Multiplexing via interrupts is not the solution to every problem.
Initially, I treated it like it was and tried cramming as much code as possible into the raster interrupt chain. But the reality is that not everything fits there. A modest processor like the C64’s MOS 6510 simply takes longer to do some things than can realistically be squeezed into the tiny 1/60th-of-a-second frame available during a screen refresh.
Things like setting up the game board or generating temporary graphics data for the breakable shields take too long to run inside the raster chain.
Some tasks just belong in the main loop.
The raster interrupts should only handle the time-critical parts - things like synchronizing sound and making sure the moving pieces are where they need to be.
This becomes especially obvious once you start adding features like title screens, scoring, and multiple levels.
The brutal scarcity of pointers
Another thing I’ve learned is that pointers - one of the most important concepts in programming - are extremely limited on 8-bit machines.
This isn’t immediately obvious if you come from a modern programming environment, where pointer usage is rarely something you must contend with.
The keyword here for a C64 developer is “zero-page”, which refers to the first 256 bytes of system memory. It’s a high-speed RAM location, essentially functioning as an extended register for the CPU, and only parts of it can realistically be used for pointers.
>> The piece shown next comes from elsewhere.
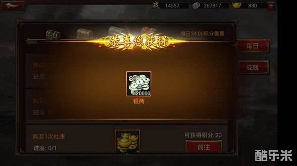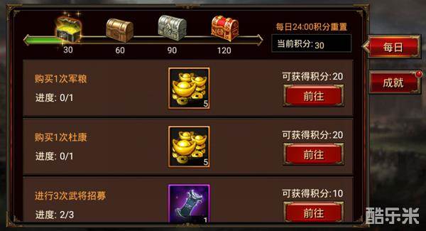 日常任务种类繁多,难度也各不相同,包含完成副本、强化装备、购买道具……每完成一个日常任务,都能获得道具奖励和一定的积分,积分达到一定数量,还能开启相应的宝箱获得元宝、急行军令、橙将碎片箱等珍贵道具哦~

It gets even trickier when the compiler assigns this limited pool of pointers dynamically. Since raster interrupts allow code to run out of order, you can suddenly have two pieces of code trying to use the same pointer registers at the same time. When that happens, things break in spectacular and unpredictable ways.
I only discovered this because the music player - originally added as a placeholder until I could implement the classic Space Invaders marching sound - occasionally clashed with pointer usage generated by the compiler.
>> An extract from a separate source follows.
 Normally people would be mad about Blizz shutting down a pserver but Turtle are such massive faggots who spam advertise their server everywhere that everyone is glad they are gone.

For context, my programming environment: TRSE, uses Pascal as its programming language. The Pascal code is then translated into assembly before being passed to a cross-compiler that produces the final C64 machine code.
The result of these pointer collisions was a series of wonderfully unpredictable bugs that required stepping through the generated assembly code to diagnose.
And I am glad I had to do it, because it was very enlightening. And somewhat ironically, it left me feeling quite fond of the music player that caused the problem in the first place, so I guess it stays in now 😊
Two ways to avoid pointer collisions
To prevent these conflicts, you essentially have two options:
Disable interrupts while running pointer-heavy code
Ensure interrupt routines do not rely on contested pointers
Which solution to choose depends on how long the code block takes to execute.
If the code is short, temporarily disabling interrupts works fine because there is often some timing slack during a screen refresh. But if the code runs too long, interrupts can miss their window - which results in dropped frames, visual stutter, or choppy audio.
None of those are things you want in a game.
In situations like this, it’s often easier to write the critical sections directly in assembly, where you have complete control over pointer usage - or can avoid them entirely - rather than relying on the compiler.
Pascal for logic, Assembly for speed and control
Fortunately, TRSE makes this possible by allowing assembly code to be seamlessly inlined inside Pascal.
So now I do high-level game logic in Pascal, and low-level data shuffling and manipulation in assembly. Which works out swimmingly, because this is just the kind of thing that is easy to implement in assembly, but kind of a hassle in Pascal.